Turbine for all Flow/StateFlow/SharedFlow assertions — prefer turbineScope { } over collectList() hacks.
MockK for mocking infrastructure dependencies (repositories, use cases). Use coEvery / coVerify for suspend functions.
Prefer hand-written Fake* implementations (e.g. FakeInboxRepository) over MockK stubs for repositories that are exercised by many test cases — this matches the existing FakeLlmService pattern already in the codebase.

Canonical test class template:

@OptIn(ExperimentalCoroutinesApi::class)
class InboxViewModelTest {

    private val testDispatcher = UnconfinedTestDispatcher()

    @get:Rule
    val mainDispatcherRule = MainDispatcherRule(testDispatcher)   // custom TestRule

    private val fakeRepository = FakeInboxRepository()
    private lateinit var viewModel: InboxViewModel

    @Before fun setUp() {
        viewModel = InboxViewModel(fakeRepository)
    }

    @Test fun `initial state is Loading`() = runTest {
        // assert first emission
    }

    @Test fun `inbox items emitted after load`() = runTest {
        viewModel.uiState.test {
            fakeRepository.emit(listOf(anInboxItem()))
            val state = awaitItem()
            assertThat(state.items).hasSize(1)
        }
    }
}

Co-location rule: Every ui/features/<feature>/*ViewModel.kt must have a corresponding ui/features/<feature>/*ViewModelTest.kt under app/src/test/.

Coverage threshold: ≥ 80 % line coverage per ViewModel class, measured by Kover on the CI pipeline (see ADR-0022).

Tier 2 — Compose UI tests (JVM via Robolectric, medium)

Scope:

Every *Screen composable — at minimum, one test per distinct UI state the screen can render (Loading, Content, Empty, Error where applicable).
Every shared component in ui/components/ — at minimum a smoke test that the component renders without crashing across its primary variants.
Feature-scoped components in ui/features/*/components/ — tested when they contain non-trivial conditional rendering or interaction logic.

Tooling:

compose-ui-test-junit4 (androidx.compose.ui:ui-test-junit4) with createComposeRule().
Robolectric as the test runtime so these run on the JVM without an emulator.

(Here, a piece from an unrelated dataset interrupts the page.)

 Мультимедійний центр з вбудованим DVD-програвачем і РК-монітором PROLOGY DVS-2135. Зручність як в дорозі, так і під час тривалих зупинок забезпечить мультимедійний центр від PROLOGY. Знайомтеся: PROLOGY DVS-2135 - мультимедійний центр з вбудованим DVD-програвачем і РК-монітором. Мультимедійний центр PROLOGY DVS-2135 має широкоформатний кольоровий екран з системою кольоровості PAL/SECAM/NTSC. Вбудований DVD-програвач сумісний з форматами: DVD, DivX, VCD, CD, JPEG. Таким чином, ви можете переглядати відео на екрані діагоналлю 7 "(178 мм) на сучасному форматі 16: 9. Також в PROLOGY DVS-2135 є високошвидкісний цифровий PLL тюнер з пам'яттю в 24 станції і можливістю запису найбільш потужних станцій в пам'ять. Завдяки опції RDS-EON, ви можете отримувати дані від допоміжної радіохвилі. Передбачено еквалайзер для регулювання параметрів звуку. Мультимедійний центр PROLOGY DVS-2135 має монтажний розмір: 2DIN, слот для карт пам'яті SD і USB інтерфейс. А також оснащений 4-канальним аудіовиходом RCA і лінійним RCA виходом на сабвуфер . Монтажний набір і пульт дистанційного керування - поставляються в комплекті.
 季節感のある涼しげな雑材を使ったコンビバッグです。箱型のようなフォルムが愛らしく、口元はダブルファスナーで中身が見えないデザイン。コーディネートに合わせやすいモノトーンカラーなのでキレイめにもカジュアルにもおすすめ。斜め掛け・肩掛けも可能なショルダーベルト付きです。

Annotate test classes with @RunWith(RobolectricTestRunner::class).
All screens are tested in state-driven isolation: the composable is called with an explicit, pre-constructed state value and a no-op or recording lambda for each callback. ViewModels are not instantiated inside Compose UI tests.
ComposeContentTestRule.onNodeWithTag() / onNodeWithText() / onNodeWithContentDescription() for assertions. testTag modifiers must be added to stateful or interactive elements that are otherwise difficult to target.
The LocusFlowTheme {} wrapper must be applied inside each setContent {} call so tokens and typography resolve correctly.

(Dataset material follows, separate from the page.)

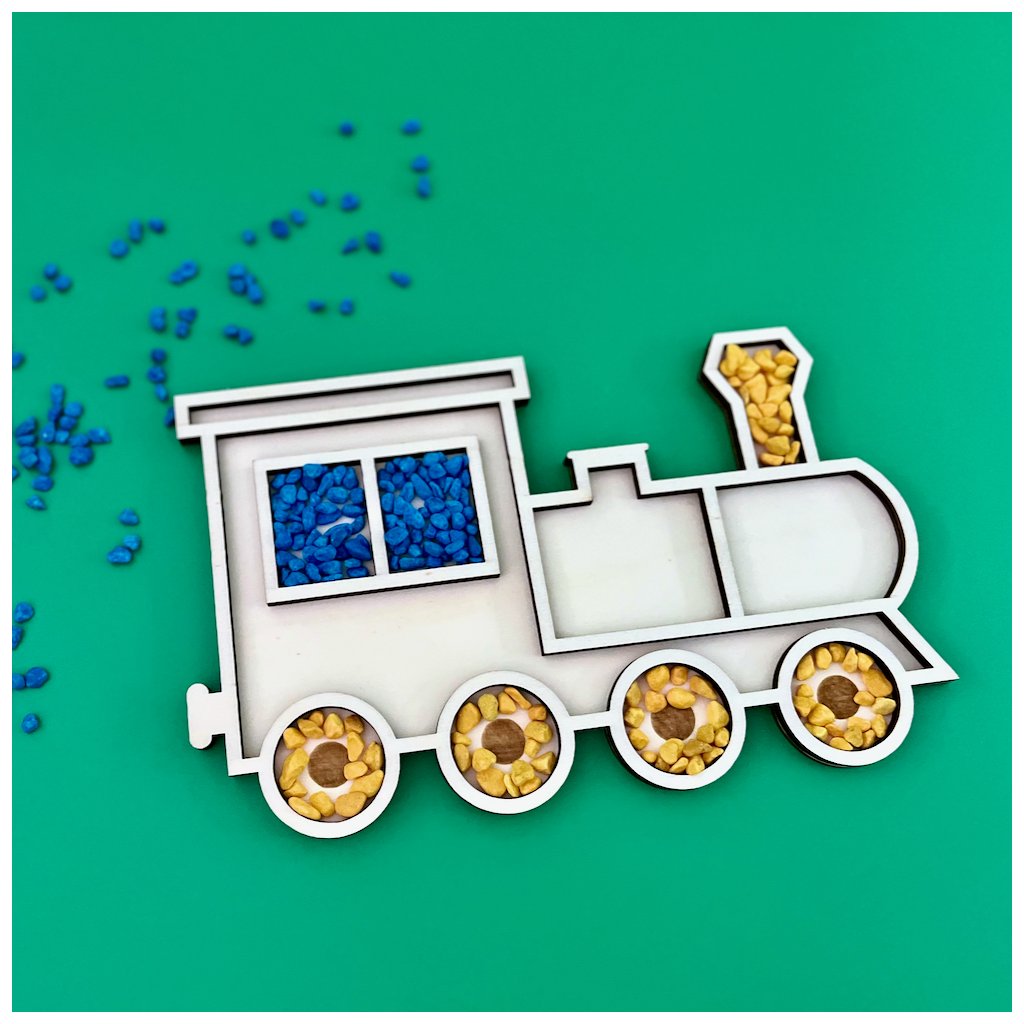 Třídící dřevěný tác ve tvaru lokomotivy – Pomůcka pro smyslovou hru (sensory play)

Canonical screen test pattern:

@RunWith(RobolectricTestRunner::class)
class InboxScreenTest {

    @get:Rule val composeTestRule = createComposeRule()

    @Test fun `loading state shows progress indicator`() {
        composeTestRule.setContent {
            LocusFlowTheme {
                InboxScreen(
                    uiState = InboxUiState.Loading,
                    onAddItem = {},
                    onItemClick = {},
                )
            }
        }
        composeTestRule.onNodeWithTag("LoadingIndicator").assertIsDisplayed()
    }

    @Test fun `content state renders item list`() {
        val items = listOf(anInboxItem(title = "Buy groceries"))
        composeTestRule.setContent {
            LocusFlowTheme {
                InboxScreen(
                    uiState = InboxUiState.Content(items),
                    onAddItem = {},
                    onItemClick = {},
                )
            }
        }
        composeTestRule.onNodeWithText("Buy groceries").assertIsDisplayed()
    }
}

Canonical shared component test pattern:

@RunWith(RobolectricTestRunner::class)
class PrimaryButtonTest {

    @get:Rule val composeTestRule = createComposeRule()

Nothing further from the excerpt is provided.